→ Brief
The whole listing that follows is to be restated word for word, images excluded.

→ Records
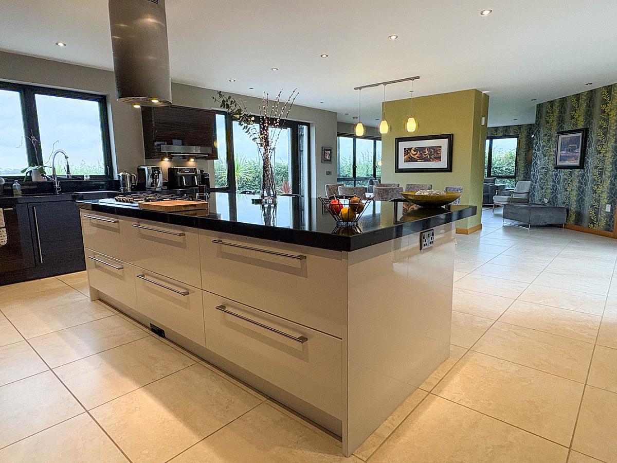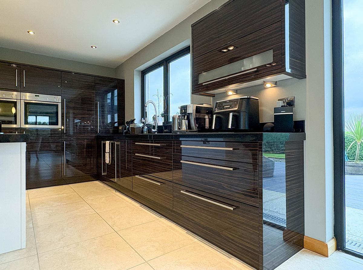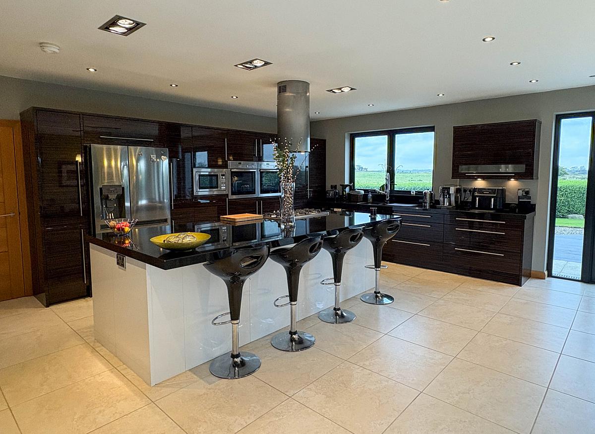 With Zebrawood units comprising bank of units, eye and low level units - including 2 larder units with pull out drawers and shelved units, 2 sets of saucepan drawers and pull out corner unit, Blanco one and a half bowl stainless steel sink unit with pre rinse spray unit tap, granite work top, integrated AEG dishwasher, 2 Neff ovens, Neff microwaves, space for American style fridge / freezer. Large island unit with 3 sets of saucepan drawers, Stove 5 ring gas hob, CDA island extractor hood, seating for 4 stools. Recess and feature lighting, tiled floor, television point.
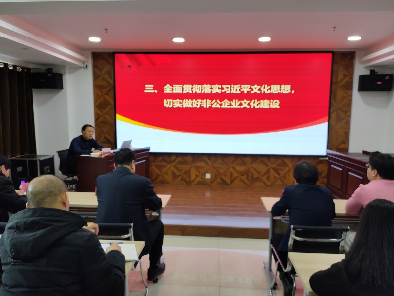 郝天順從習(xí)近平總書記對(duì)宣傳思想文化工作作出的重要指示談起,從“如何認(rèn)識(shí)和理解習(xí)近平文化思想 ”“如何學(xué)習(xí)和貫徹習(xí)近平文化思想”“全面貫徹落實(shí)習(xí)近平文化思想,切實(shí)做好非公企業(yè)文化建設(shè)”三個(gè)方面進(jìn)行了深刻闡述,指出習(xí)近平文化思想既有文化理論觀點(diǎn)上的創(chuàng)新和突破,又有文化工作布局上的部署要求,明體達(dá)用、體用貫通,明確了新時(shí)代文化建設(shè)的路線圖和任務(wù)書,在我國社會(huì)主義文化建設(shè)中展現(xiàn)出了強(qiáng)大偉力,為做好新時(shí)代新征程宣傳思想文化工作、擔(dān)負(fù)起新的文化使命提供了強(qiáng)大思想武器和科學(xué)行動(dòng)指南,并結(jié)合非公企業(yè)實(shí)際,要求要緊緊圍繞學(xué)習(xí)貫徹習(xí)近平文化思想,圍繞貫徹黨的二十大關(guān)于文化建設(shè)的戰(zhàn)略部署,強(qiáng)化黨建引領(lǐng)作用,帶動(dòng)企業(yè)文化發(fā)展,將文化建設(shè)作為企業(yè)戰(zhàn)略,不斷創(chuàng)新文化理念,將企業(yè)文化實(shí)體化、制度化,促進(jìn)企業(yè)文化升華,推動(dòng)各項(xiàng)工作落地見效。
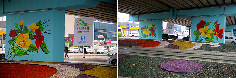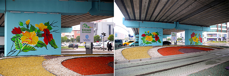 Kentsel Dönüşüm Daire Başkanlığı, Tarihi Mekanlar ve Kent Estetiği Şube Müdürlüğü tarafından Kocaeli genelinde uygulanan meydan, bulvar, köprü ve caddelerin duvar zeminlerine resim uygulama çalışmaları vatandaşlardan ilgi görüyor. Bu kapsamda Kandıra Yolu üzerinde bulunan İzmit Yahya Kaptan Köprülü Kavşağının ayaklarına çiçek temalı resim uygulaması yapılıyor. Bulunduğu bölgeye görsel anlamda zenginlik katacak resim uygulaması, şimdiden vatandaşlardan ilgi görüyor.
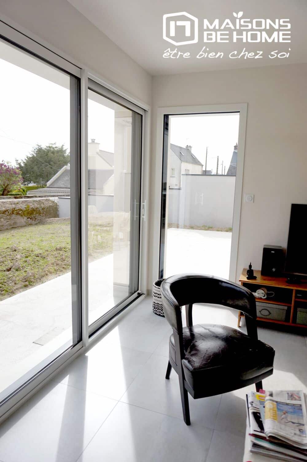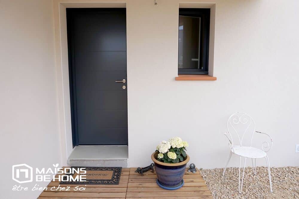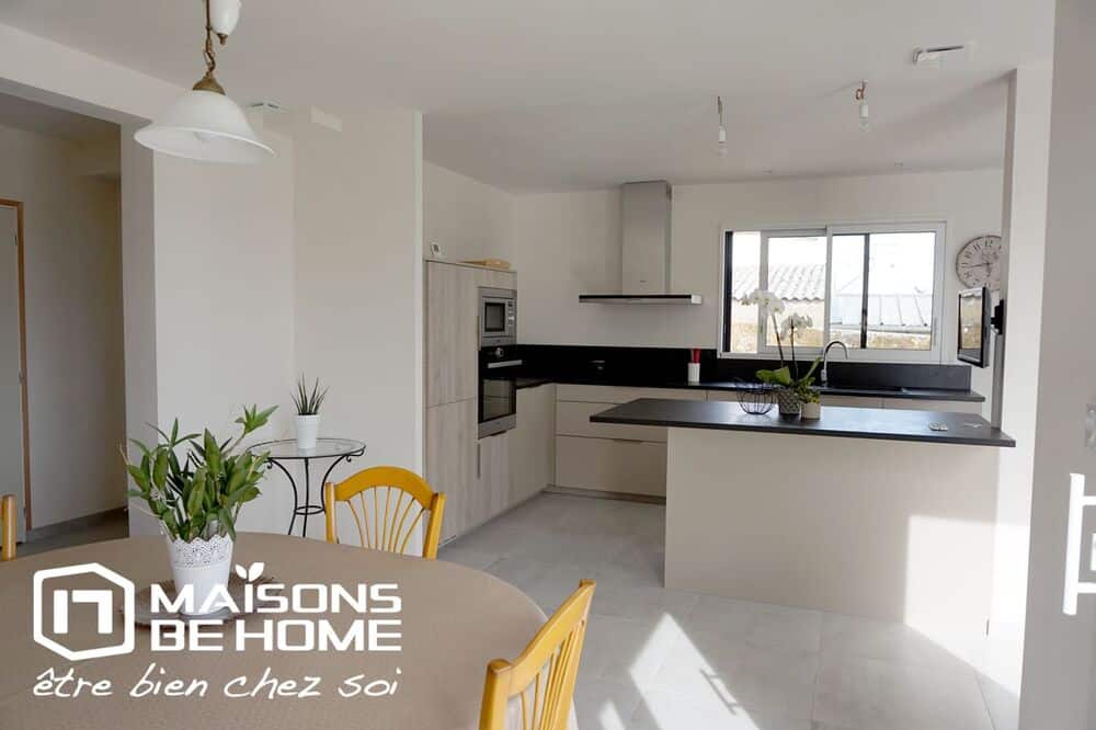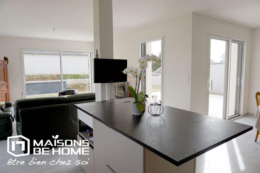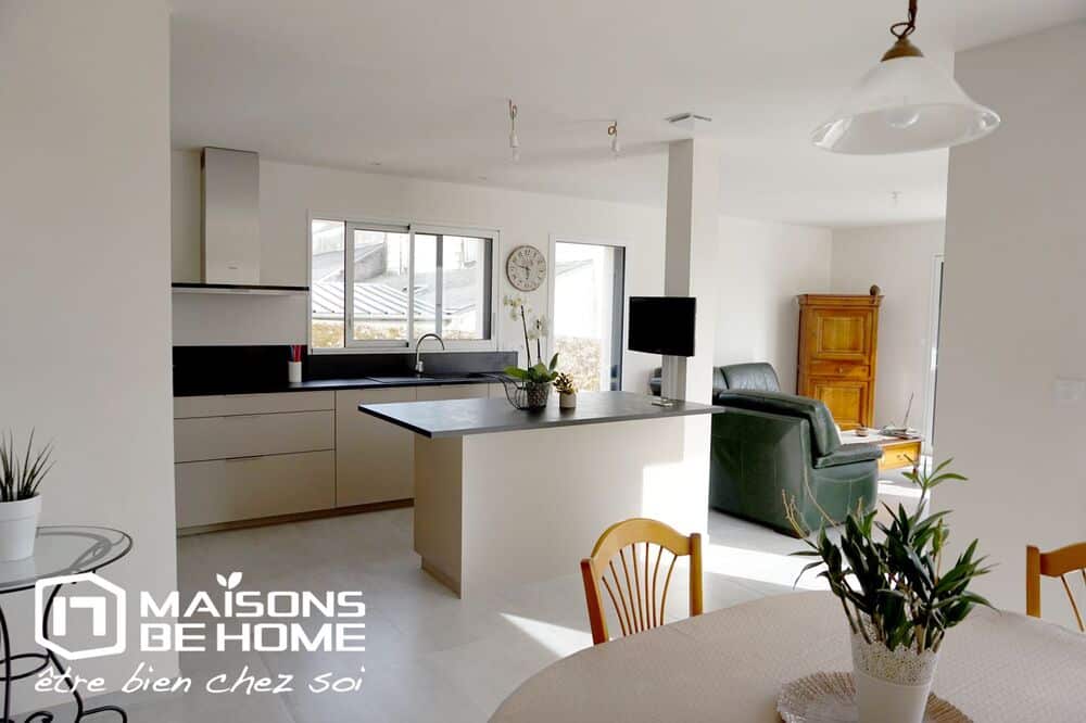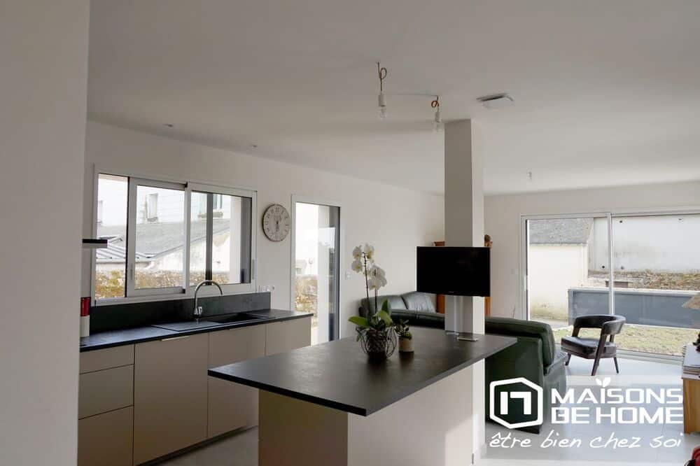 Pour l’agencement intérieur nos clients ont choisi des matériaux de qualité (grandes dalles carrelées, plan de travail couleur ardoise pour la cuisine, huisserie bi-color (gris anthracite à l’extérieur et blanche à l’intérieur).
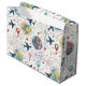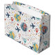 Vibrant seamless pattern gift bag featuring aeroplanes, globes, flight paths, stars, and travel-inspired icons in a playful aviation style. Ideal for travelers, aviation enthusiasts, frequent flyers, and anyone who loves global adventure aesthetics.

→ Task answer
 With Zebrawood units comprising bank of units, eye and low level units - including 2 larder units with pull out drawers and shelved units, 2 sets of saucepan drawers and pull out corner unit, Blanco one and a half bowl stainless steel sink unit with pre rinse spray unit tap, granite work top, integrated AEG dishwasher, 2 Neff ovens, Neff microwaves, space for American style fridge / freezer. Large island unit with 3 sets of saucepan drawers, Stove 5 ring gas hob, CDA island extractor hood, seating for 4 stools. Recess and feature lighting, tiled floor, television point.
 郝天順從習(xí)近平總書記對(duì)宣傳思想文化工作作出的重要指示談起,從“如何認(rèn)識(shí)和理解習(xí)近平文化思想 ”“如何學(xué)習(xí)和貫徹習(xí)近平文化思想”“全面貫徹落實(shí)習(xí)近平文化思想,切實(shí)做好非公企業(yè)文化建設(shè)”三個(gè)方面進(jìn)行了深刻闡述,指出習(xí)近平文化思想既有文化理論觀點(diǎn)上的創(chuàng)新和突破,又有文化工作布局上的部署要求,明體達(dá)用、體用貫通,明確了新時(shí)代文化建設(shè)的路線圖和任務(wù)書,在我國社會(huì)主義文化建設(shè)中展現(xiàn)出了強(qiáng)大偉力,為做好新時(shí)代新征程宣傳思想文化工作、擔(dān)負(fù)起新的文化使命提供了強(qiáng)大思想武器和科學(xué)行動(dòng)指南,并結(jié)合非公企業(yè)實(shí)際,要求要緊緊圍繞學(xué)習(xí)貫徹習(xí)近平文化思想,圍繞貫徹黨的二十大關(guān)于文化建設(shè)的戰(zhàn)略部署,強(qiáng)化黨建引領(lǐng)作用,帶動(dòng)企業(yè)文化發(fā)展,將文化建設(shè)作為企業(yè)戰(zhàn)略,不斷創(chuàng)新文化理念,將企業(yè)文化實(shí)體化、制度化,促進(jìn)企業(yè)文化升華,推動(dòng)各項(xiàng)工作落地見效。
 Kentsel Dönüşüm Daire Başkanlığı, Tarihi Mekanlar ve Kent Estetiği Şube Müdürlüğü tarafından Kocaeli genelinde uygulanan meydan, bulvar, köprü ve caddelerin duvar zeminlerine resim uygulama çalışmaları vatandaşlardan ilgi görüyor. Bu kapsamda Kandıra Yolu üzerinde bulunan İzmit Yahya Kaptan Köprülü Kavşağının ayaklarına çiçek temalı resim uygulaması yapılıyor. Bulunduğu bölgeye görsel anlamda zenginlik katacak resim uygulaması, şimdiden vatandaşlardan ilgi görüyor.
 Pour l’agencement intérieur nos clients ont choisi des matériaux de qualité (grandes dalles carrelées, plan de travail couleur ardoise pour la cuisine, huisserie bi-color (gris anthracite à l’extérieur et blanche à l’intérieur).
 Vibrant seamless pattern gift bag featuring aeroplanes, globes, flight paths, stars, and travel-inspired icons in a playful aviation style. Ideal for travelers, aviation enthusiasts, frequent flyers, and anyone who loves global adventure aesthetics.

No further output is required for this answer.